Nah, I was just curious.
Now notice that the max the device can take for a single USB frame is 64
bytes. So if you send one urb at 16K, you should have plenty of cpu
time to queue up another one of the same size before that one flushes
out to the device, even if it is a high speed device.
That's the reason upping the size of this buffer will not really help
anyone out, except lazy userspace programmers :)
thanks,
greg k-h
Hi,
On Wednesday 01 March 2006 22:54, Greg KH wrote:
> > > Why not just send down 2 urbs with that size then, that would keep the
> > > pipe quite full.
> >
> > Because that requires even more modifications to libusb and sane (i_usb) ...
>
> No, do it in your application I mean.
? The driver is a SANE backend and forced to use sanei_usb over libusb. Thus
I have to modifiy them all to allow asynchon URB queuing - or have I missed
something?
Yours,
--
Ren? Rebe - Rubensstr. 64 - 12157 Berlin (Europe / Germany)
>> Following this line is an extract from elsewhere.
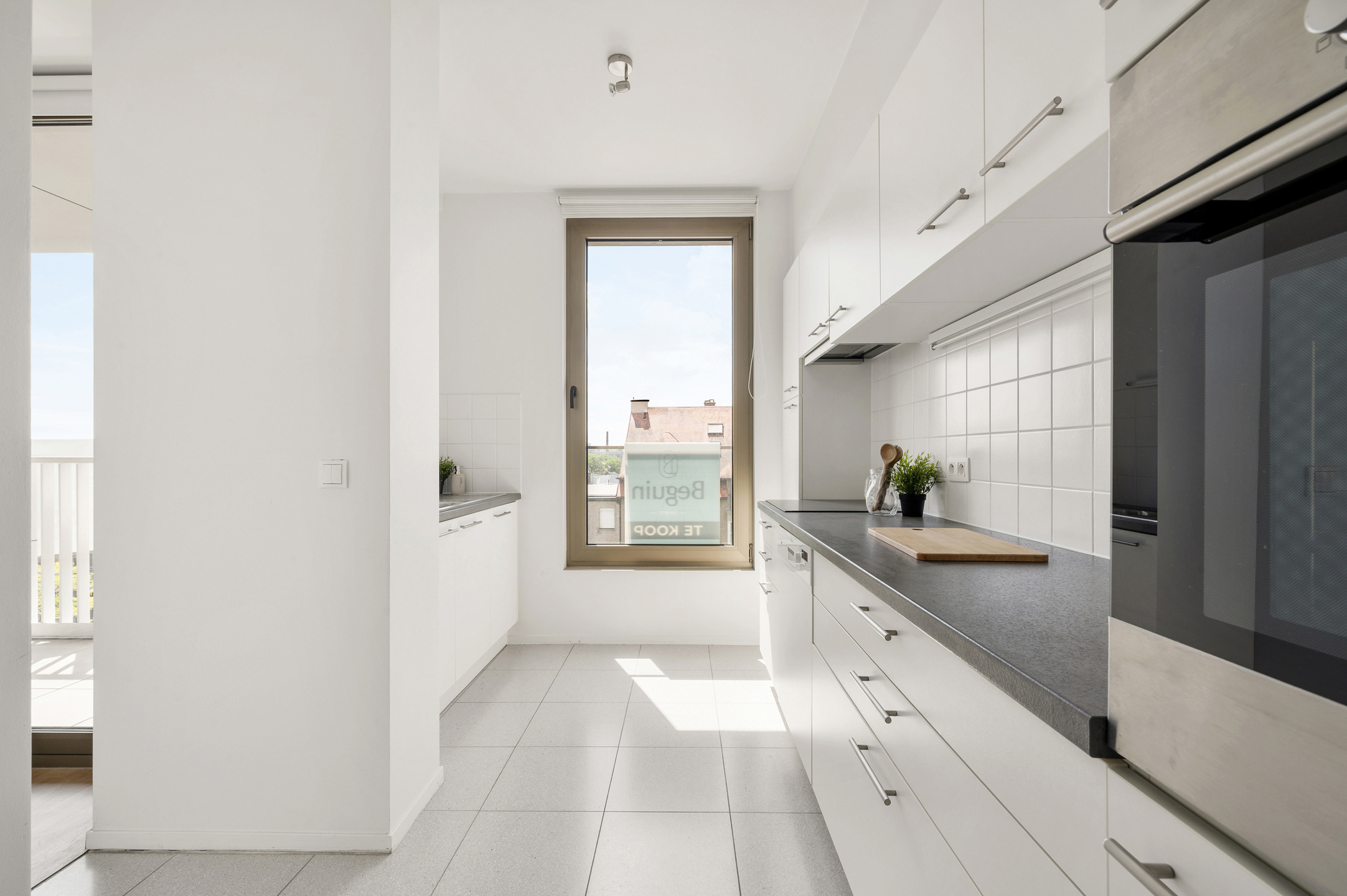 APPARTEMENT HAUT SITUE avec 2 chambres et une belle TERRASSE ENSOLEILLEE avec une belle VUE sur la verdure et le Veemarkt. Situé en plein centre de KORTRIJK dans une RESIDENCE recherchée ! DESCRIPTION : entrée avec toilettes séparées, grand séjour lumineux (beau parquet, hauts plafonds, grandes fenêtres), cuisine équipée avec débarras pratique adjacent, hall de nuit, grande salle de bain (double lavabo, baignoire et toilettes) et 2 chambres spacieuses. Il y a également une pièce de rangement pratique au sous-sol. APPARTEMENT QUALITATIF et lumineux ! TROEVEN : double vitrage alu, chauffage au gaz par le sol, étage élevé, DOMOTICA, SITUATION CENTRALE. Visite sur rendez-vous avec IMMO BEGUIN : 0486/606.600

http://www.exactcode.de | http://www.t2-project.org
+49 (0)30 255 897 45
Hi,
On Wednesday 01 March 2006 22:54, Greg KH wrote:
> > > Why not just send down 2 urbs with that size then, that would keep the
> > > pipe quite full.
> >
> > Because that requires even more modifications to libusb and sane (i_usb) ...
>
> No, do it in your application I mean.
Ok, tweaking libusb to queue N URBs for reads to be split (resulting in 9 URBs
in my usecase) I see a nearly 100% improvement here (2 times faster).
How many URBs may I queue? Nearly infinite (in my case that would be max 64)
or is there some tiny static list somewhere in the affected code-path?
Yours,
--
Ren? Rebe - Rubensstr. 64 - 12157 Berlin (Europe / Germany)
http://www.exactcode.de | http://www.t2-project.org
+49 (0)30 255 897 45
On Thu, Mar 02, 2006 at 05:03:26PM +0100, Ren? Rebe wrote:
> Hi,
>
> On Wednesday 01 March 2006 22:54, Greg KH wrote:
>
> > > > Why not just send down 2 urbs with that size then, that would keep the
> > > > pipe quite full.
> > >
> > > Because that requires even more modifications to libusb and sane (i_usb) ...
> >
> > No, do it in your application I mean.
>
> Ok, tweaking libusb to queue N URBs for reads to be split (resulting in 9 URBs
> in my usecase) I see a nearly 100% improvement here (2 times faster).
>
> How many URBs may I queue? Nearly infinite (in my case that would be max 64)
> or is there some tiny static list somewhere in the affected code-path?
There is no static list that I know of, as it is all just pointers.
Just don't DOS the kernel by sending it an infinate ammount of memory :)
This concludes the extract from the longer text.